Yıllarca süren harplerden harap ve bitap düşmüş aziz Milletimiz, 18 Mart 1915'te Çanakkale'de, vatanımıza, istiklalimize, bayrağımıza ve mukaddes değerlerimize tasallut eden, Anadolu'daki varlığımızı yok etmek için birleşen dünyanın en üstün harp güçlerine sahip işgalci devletlere karşı cansiperane mücadelesiyle eşsiz bir diriliş destanı yazmıştır.
Çanakkale Destanı, yaklaşık bin yıldır yurt edindiği toprakları kanlarıyla vatan haline getiren ecdadımızın, Milletimizi topyekûn esaret altına alarak Anadolu'dan kovmak isteyen kibir abidesi sömürgeci güçlere “Çanakkale Geçilmez” dedirttiği altın bir tarih sayfasıdır.

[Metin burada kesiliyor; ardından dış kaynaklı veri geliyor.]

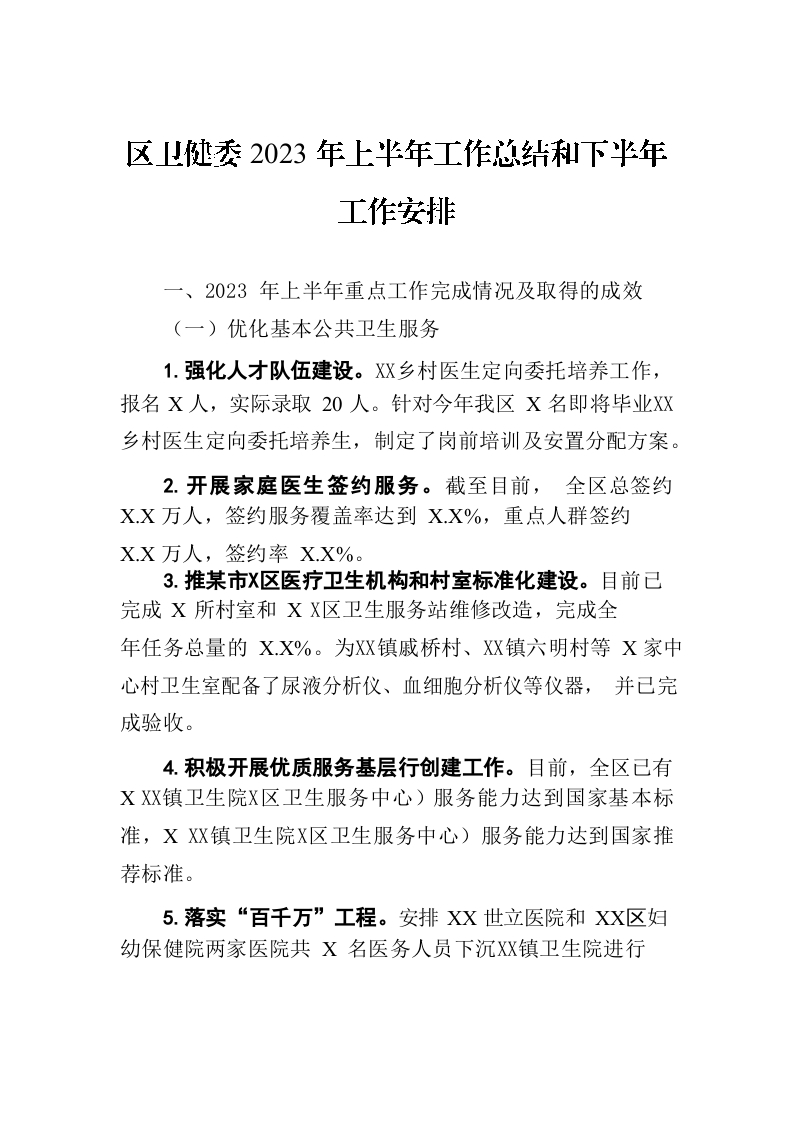 区卫健委2023年上半年工作总结和下半年工作安排(20230704)
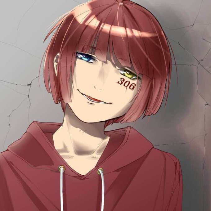 髪色 赤 髪型 結んでるのと結んでないバージョン 目の色 青と黄色のオッドアイ 目の下に306 アナログでもデジタルでもお待ちしております!!(๑⃙⃘´༥`๑⃙⃘)
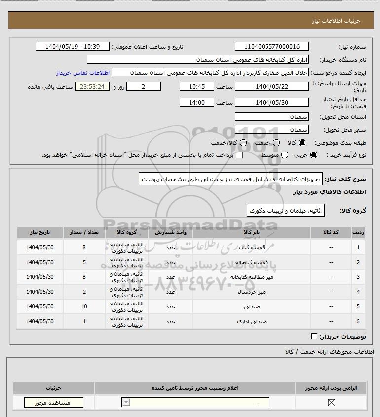 نام دستگاه خریدار:اداره کل کتابخانه های عمومی استان سمنان
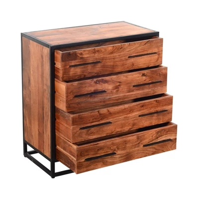 Add this spacious Dresser in your bedroom or dressing room setting to create a clutter free storage space, featuring black powder coated metal and rustic brown acacia wood blend construction that gives it an industrial appeal. Showcases natural wood grain and knot details, this dresser features 4 spacious drawers that are facilitated with metal bar handles for easy access while a tubular metal base comes with floor protectors.

Zamanın emperyalist güçlerinin bir araya gelerek, hazırladıkları planlar doğrultusunda, İstanbul'u ve boğazları ele geçirerek Osmanlı Devleti'ni tamamen harbin dışında bırakmak amacıyla harekete geçmeleri üzerine 18 Mart 1915'te Çanakkale Boğazı'nda mahşer gününü andıran kanlı bir mücadele yaşanmış, Seyit Onbaşı ve nice kahramanlarımızın imanı karşısında bu üstün güçler geri çekilmek zorunda kalmıştır.

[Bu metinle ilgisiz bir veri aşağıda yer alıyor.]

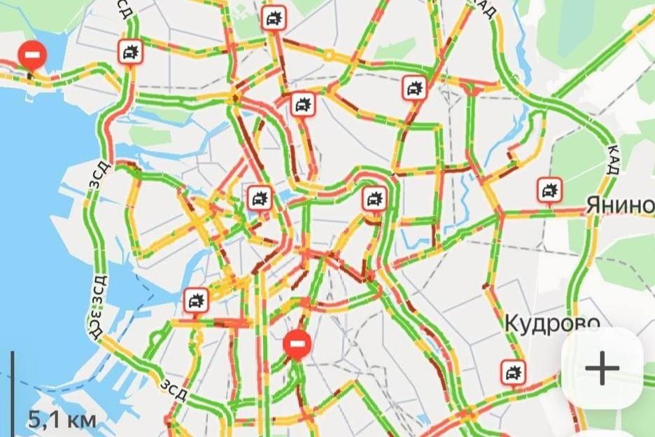 Дороги Петербурга побагровели до 8 баллов. Так будет еще час
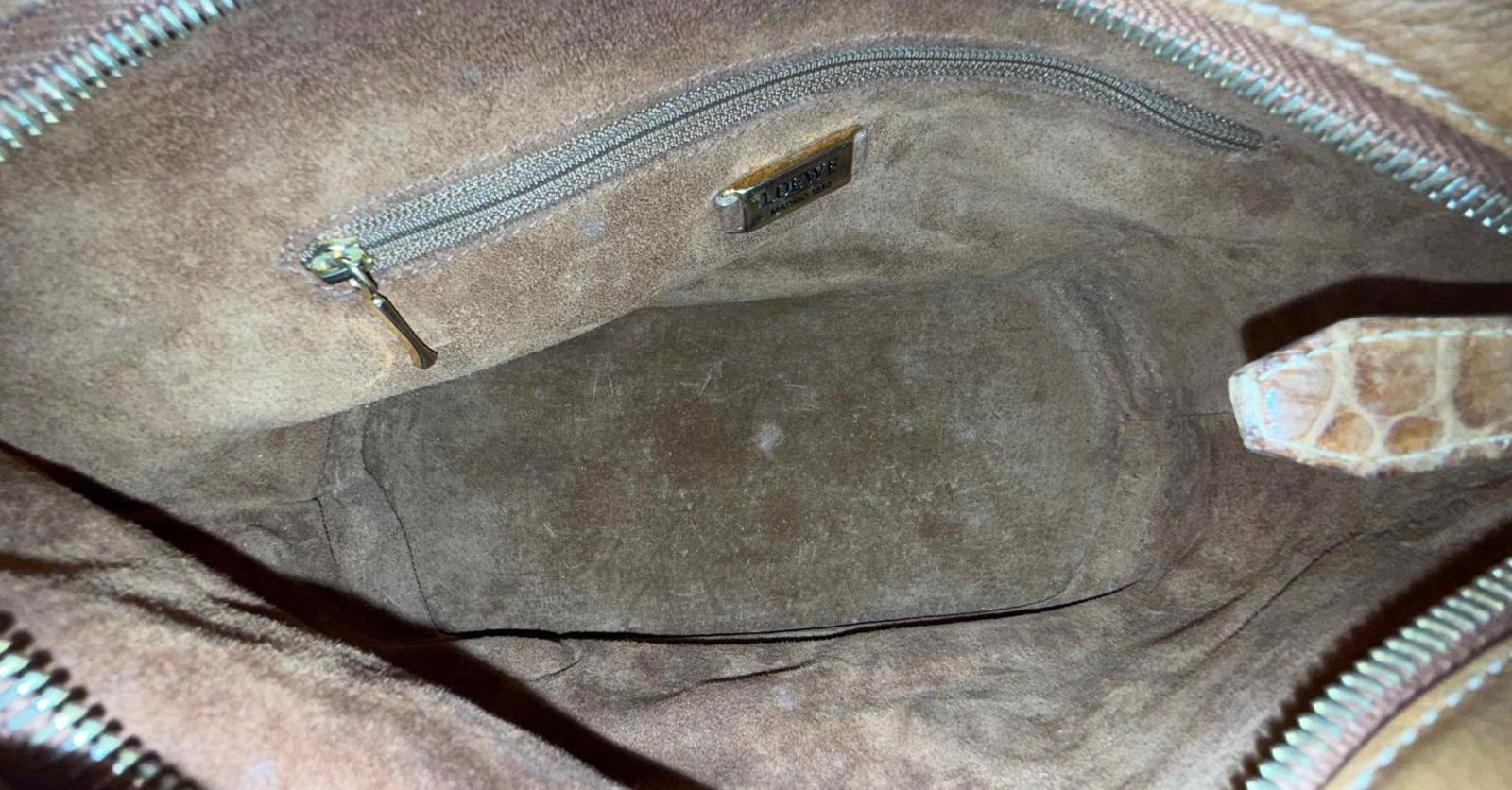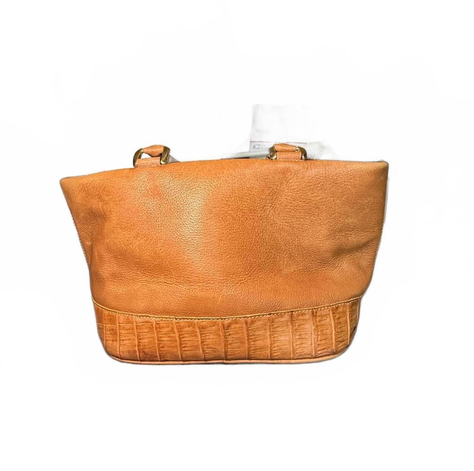 Loewe Tan Leather Handbag Bag with Crocodile Texture Accent
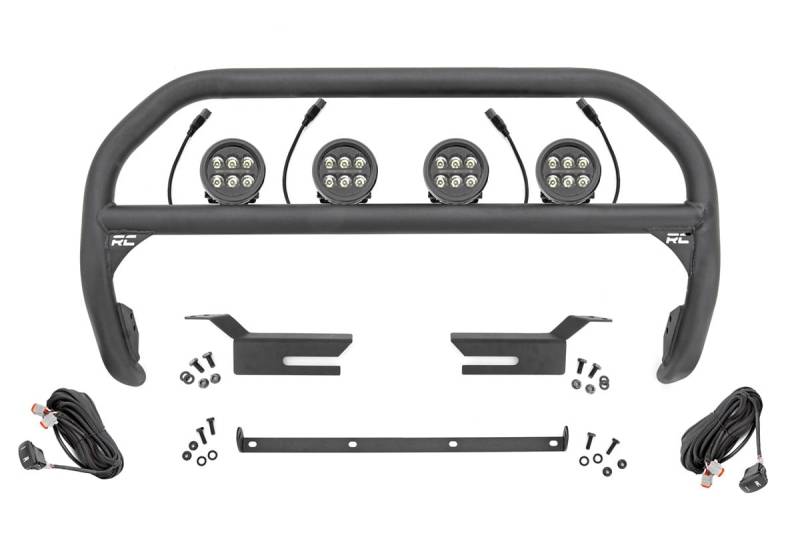 Outfit your 2021 Bronco right with Rough Country's Nudge bar. This durable 3-inch thick tubular steel bull bar provides unbeatable protection for the front side of your vehicle all while offering multipe LED mounting solutions to provide ample lighting for the trail ahead.\ \ This easy-to-install bull bar features a 100% bolt-on installation process, giving you a simple way to add this eye-catching upgrade that provides protection from hazards on and off-road. Each Nudge Bar is coated with corrosion-resistant black powder coat to ensure a long-lifespan for years to come.\ \ Rough Country's Nudge Bar can be equipped with four round LED lights, or a single row 20" LED light bar! Rough Country's all-weather LED lights feature a durable, die-cast aluminum housing and include a premium, waterproof, flat-wound, braided wiring harness with toggle switch and in-line fuse.
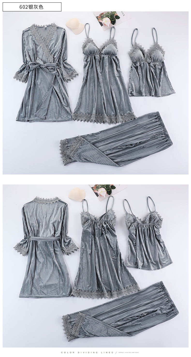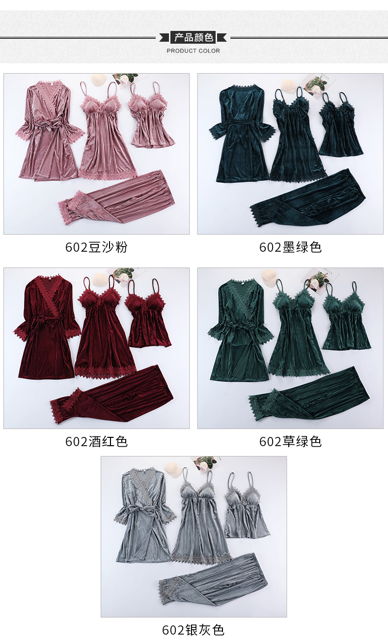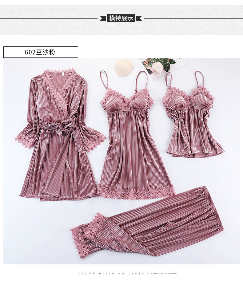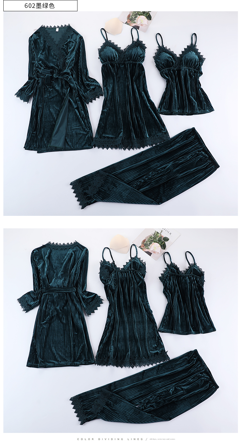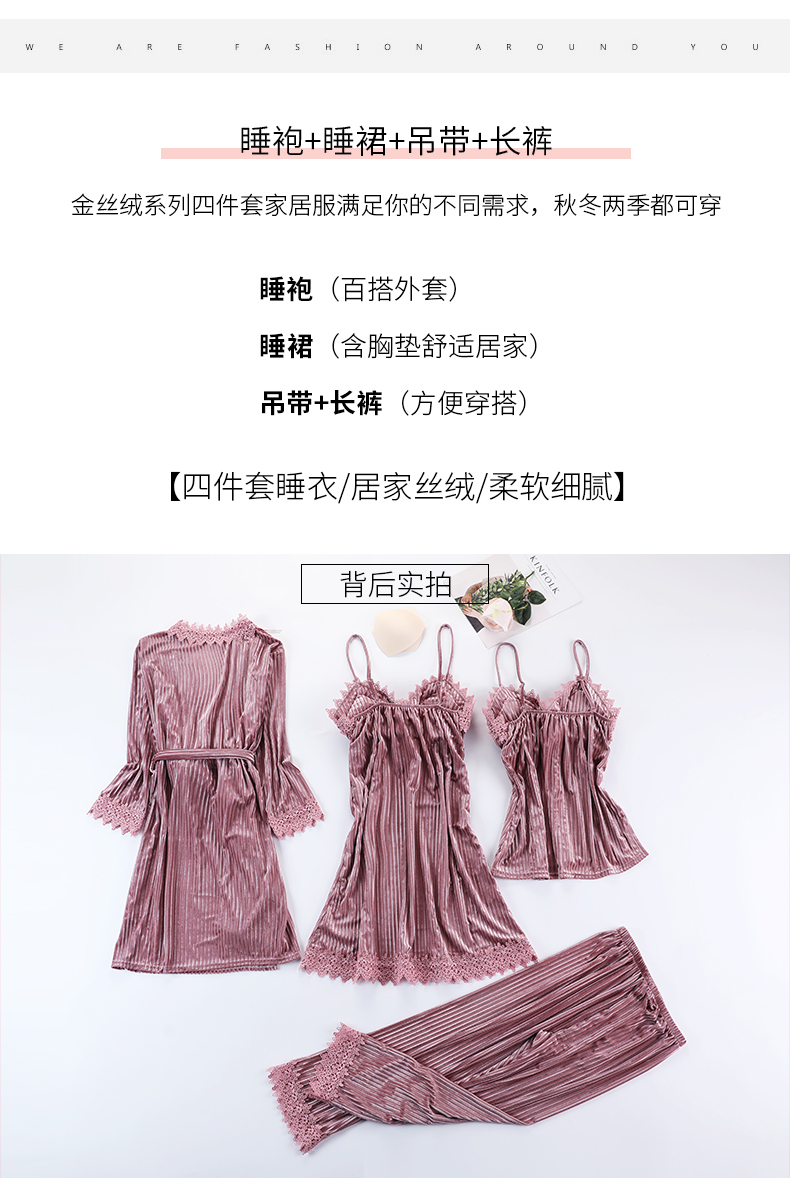 골든 벨벳 잠옷 여자의 봄과 가을 섹시한 잠옷 슬링 벨트 가슴 패드 4 종 세트 잠옷 겨울 가정복 세트

Çanakkale Boğazı'nı doğrudan geçemeyeceğini anlayan işgalci güçlerin, kara harekâtına yönelerek Gelibolu Yarımadasını her taraftan abluka altına almak amacıyla Seddül Bahir, Arıburnu, Anafartalar'ın aralarında bulunduğu birçok cepheden yaptığı çıkartma harekatlarına karşı, her türlü imkansızlık içerisinde ölüm kalım savaşı veren askerimiz iman dolu göğsünü ateş kusan top ve mermilere siper etmiş, bir gül bahçesine girercesine şehadete yürümüştür. Yarbay Mustafa Kemal'in Conk Bayırı'nda 57. Alay'a verdiği “Size taarruzu emretmiyorum, ölmeyi emrediyorum! Biz ölünceye kadar geçecek zaman içinde yerimize başka güçler ve komutanlar gelebilir.” emri askerimizin bu mücadeledeki kararlılığını en güzel şekilde yansıtan ifadelerdir.

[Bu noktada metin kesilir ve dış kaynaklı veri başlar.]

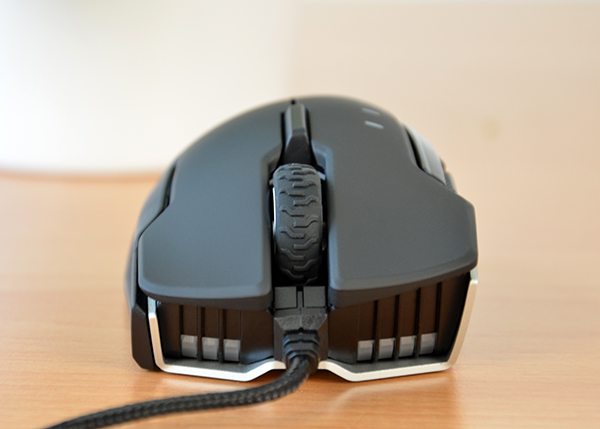 De Corsair Glaive RGB is gewoon een indrukwekkende muis. In mijn optiek helpen de aluminium elementen van die specifieke versie daarbij, maar ik twijfel er niet aan dat hij in geheel zwart niet noemenswaardig minder knap zou zijn. Hoewel grotendeels plastic voelt alles gewoon prima stevig, en de grove lijnen en groeven in het muiswiel doen mij vermoeden dat ze een samenwerking zijn gestart met CAT. Het is bijna lastig om aandacht te vragen voor één specifiek onderdeel.
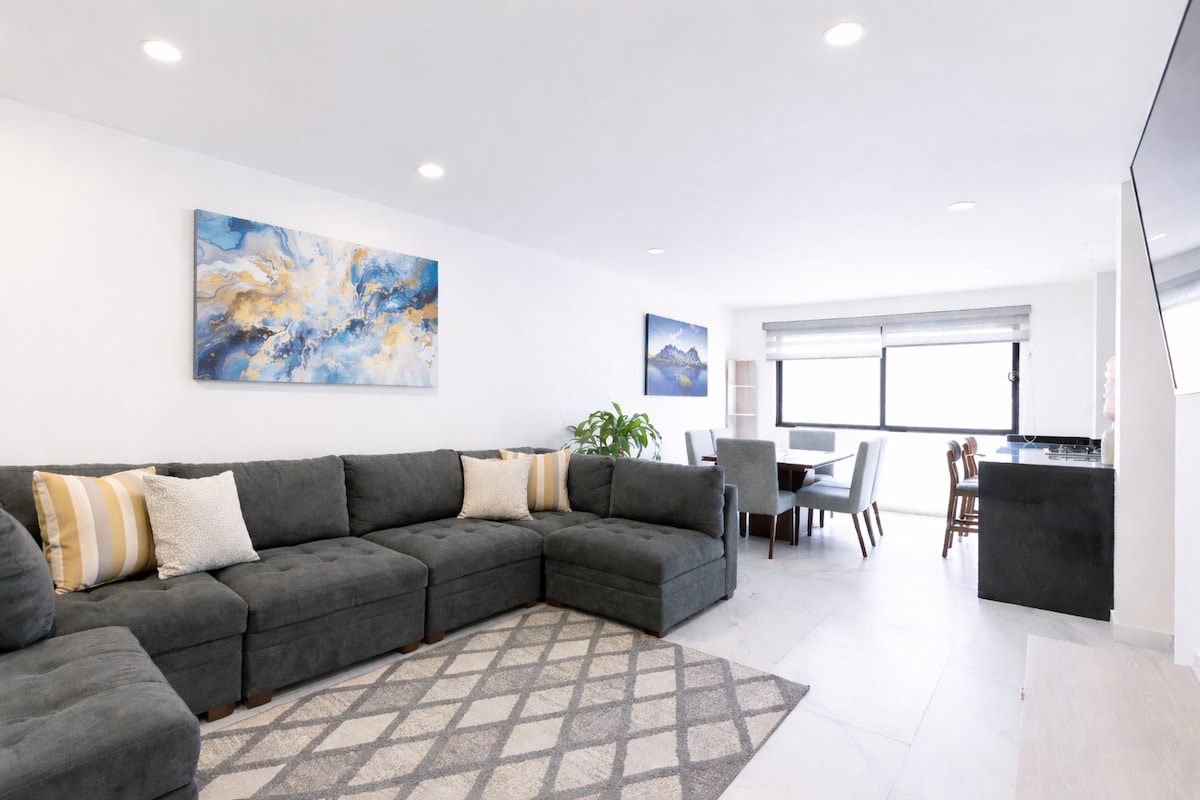 Enjoy a spacious and elegant penthouse with a prime location. Perfect for short or long stays, we offer a laundry center and secure private parking. Just steps away, you’ll find supermarkets, pharmacies, restaurants, and convenience stores. In addition, the area offers a wide variety of recreational activities: ice skating rink, bowling, billiards, casino, nightclubs, and cinema. Angelópolis area is 5 minutes away, and the historic center only 10 minutes.
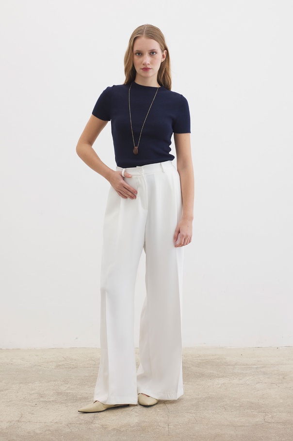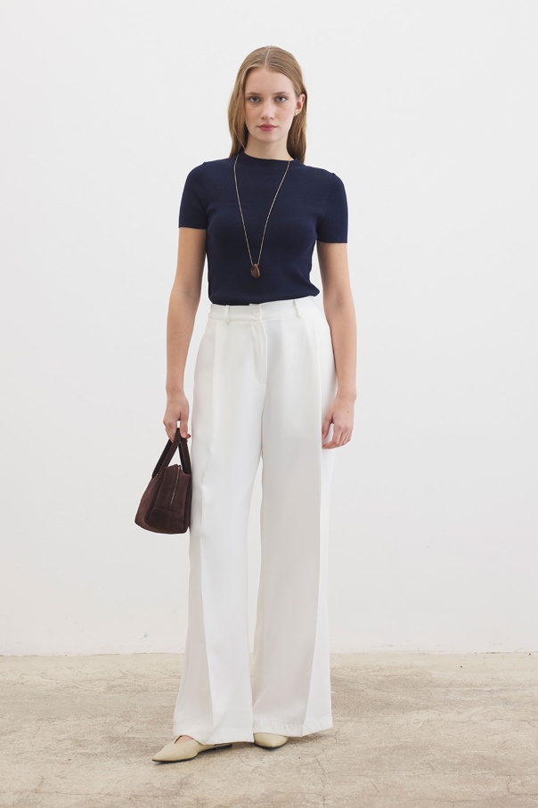 Tek Pileli Palazzo Ekru Pantolon
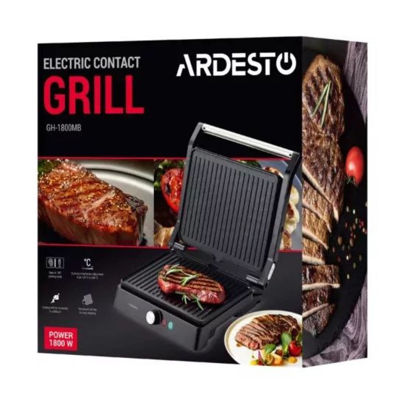 Электрогриль ARDESTO GH-1800MB Прижимной гриль ARDESTO GH-1800MB мощностью 1800 Вт и интуитивно понятным механическим управлением. Предусмотрено раскрытие на 180° и регулировку температуры. Устройство оснащено рифлеными керамическими против

Türk Milleti Çanakkale'de yüzbinlerce vatan evladını şehit vermiş, ancak yurdunun tek bir karış toprağını düşmana teslim etmemiştir. Bu destanı yazan aziz Şehitlerimizin ortaya koyduğu şehadet ruhu Kurtuluş Savaşımızda ve sonrasında Milletimizin bağımsızlık iradesine kast edenlere karşı ilham kaynağımız olmuştur.
Mukaddes bildiği değerler uğruna canını ortaya koyma fedakârlığını ifade eden bu ruh Milletimizin benliğinde tüm canlılığıyla yaşamaya devam etmektedir. 15 Temmuz 2016'da yeniden bir diriliş destanı yazan aziz Milletimizin, yurdumuzun dört bir köşesinde ve yurt dışında teröre karşı mücadele eden askerimizin, polisimizin mücadelesine güç veren işte bu ruhtur.
Çanakkale'de savaşan ecdadımızın bizlere miras bıraktığı şehadet ruhunu devam ettirmek, onların uğrunda en değerli varlıklarını feda ettikleri mukaddes değerlerimizi muhafaza etmek, bu yolda canla başla çalışmak ve mücadele etmek bugünkü nesiller olarak üzerimizdeki en önemli sorumluluktur.
Bu tarihi gün vesilesiyle, Çanakkale Ruhunu bizlere miras bırakan başta Gazi Mustafa Kemal Atatürk olmak üzere kahraman silah arkadaşlarını, Vatanımızın bölünmezliği, milletimizin bağımsızlığı, ay yıldızlı al bayrağımızın göklerimizde özgürce dalgalanması için canlarından vazgeçen aziz şehitlerimizi ve şanlı gazilerimizi rahmet, minnet ve şükranla yâd ediyorum.